What you will do: Give back every entry exactly as it is written, but not the pictures.

Records supplied:
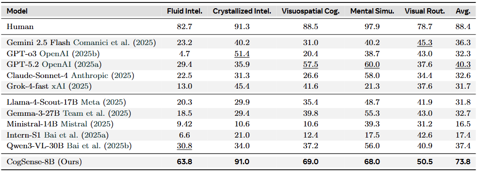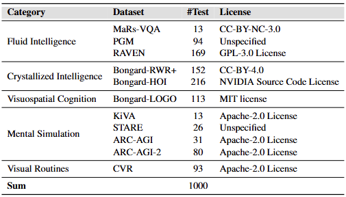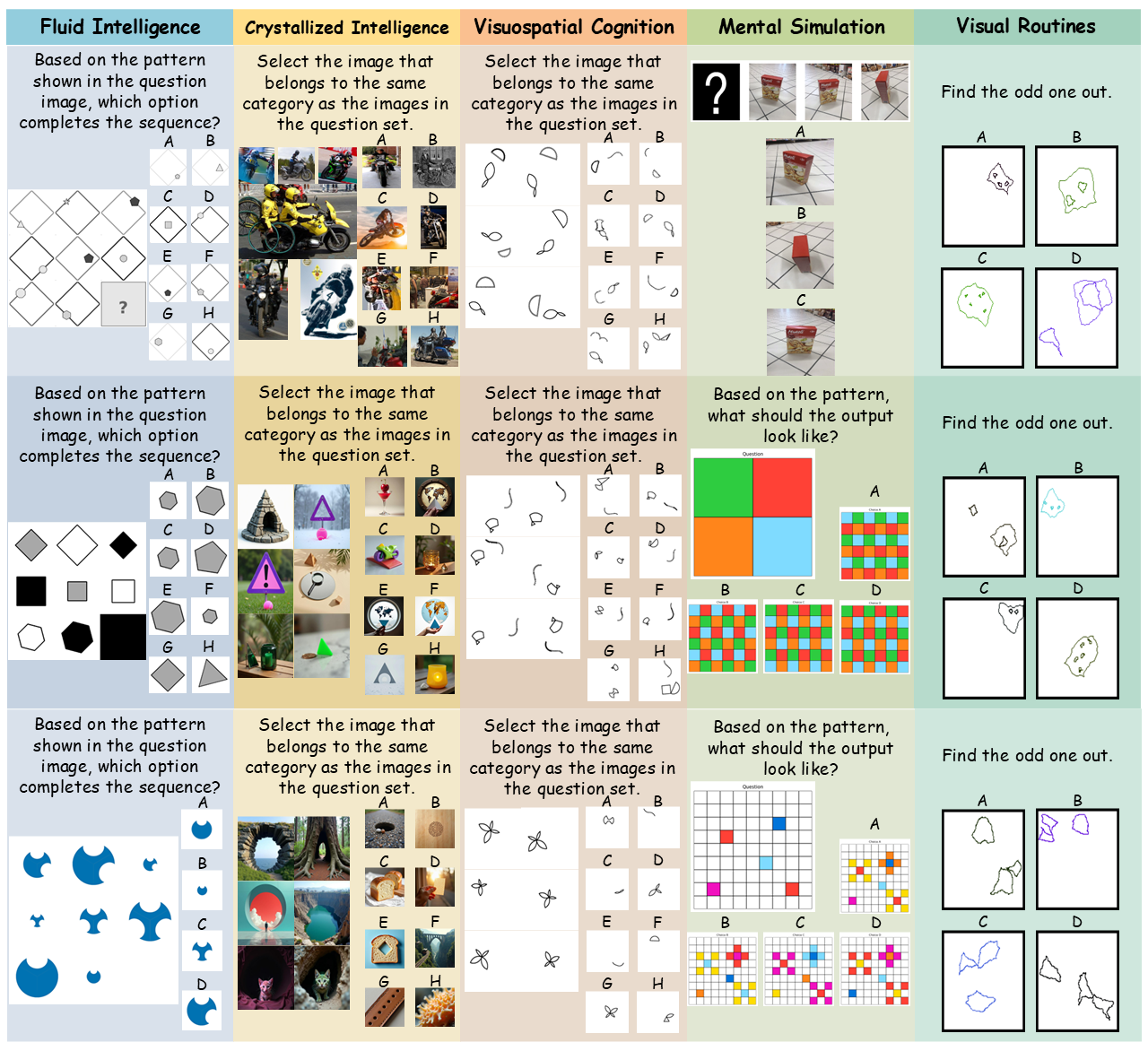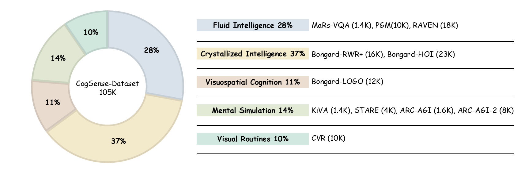 - CogSense-Bench. We introduce CogSense-Bench, a comprehensive benchmark spanning five cognitive dimensions, fluid intelligence, crystallized intelligence, visuospatial cognition, mental simulation, and visual routines, providing a systematic testbed for evaluating visual cognition beyond perceptual recognition and supporting future research in this direction.
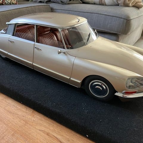 Smuk reproduktion af Citroën 2CV i skala 1/8 som sæt til samling.
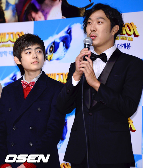 14일 오후 서울 건대 롯데시네마에서 열린 '잠베지아:신비한 나무섬의 비밀' 언론배급시사회에서 김지훈이 하하를 바라보고 있다.
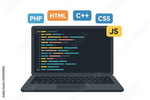 Web and software development vector. Laptop screen with colorful code and programming language icons: PHP, HTML, C++, CSS, JS. Programmer coding technology illustration.
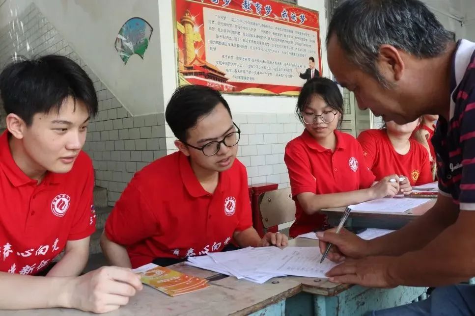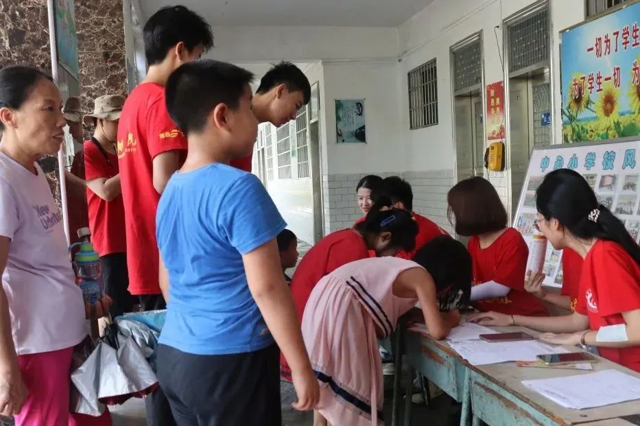指导老师唐升、钟彪以及36名志愿者在近尾洲联合学校中心小学陈主任的带领下,我们的“三下乡”工作正式开启了。
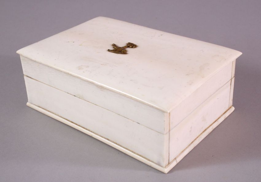 A 19TH CENTURY INDIAN IVORY LIDDED BOX - with an on laid gilt metal elephant, 15.5cm x 11cm
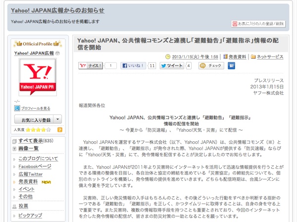 ヤフー株式会社は、一般財団法人マルチメディア振興センターが運営する「情報コモンズ」と提携し、「避難勧告」「避難指示」が発令された際、同社が提供する「防災速報」ならびに「Yahoo!天気・災害」において、発令情報を配信すると発表した。

Exercise output:
 - CogSense-Bench. We introduce CogSense-Bench, a comprehensive benchmark spanning five cognitive dimensions, fluid intelligence, crystallized intelligence, visuospatial cognition, mental simulation, and visual routines, providing a systematic testbed for evaluating visual cognition beyond perceptual recognition and supporting future research in this direction.
 Smuk reproduktion af Citroën 2CV i skala 1/8 som sæt til samling.
 14일 오후 서울 건대 롯데시네마에서 열린 '잠베지아:신비한 나무섬의 비밀' 언론배급시사회에서 김지훈이 하하를 바라보고 있다.
 Web and software development vector. Laptop screen with colorful code and programming language icons: PHP, HTML, C++, CSS, JS. Programmer coding technology illustration.
指导老师唐升、钟彪以及36名志愿者在近尾洲联合学校中心小学陈主任的带领下,我们的“三下乡”工作正式开启了。
 A 19TH CENTURY INDIAN IVORY LIDDED BOX - with an on laid gilt metal elephant, 15.5cm x 11cm
 ヤフー株式会社は、一般財団法人マルチメディア振興センターが運営する「情報コモンズ」と提携し、「避難勧告」「避難指示」が発令された際、同社が提供する「防災速報」ならびに「Yahoo!天気・災害」において、発令情報を配信すると発表した。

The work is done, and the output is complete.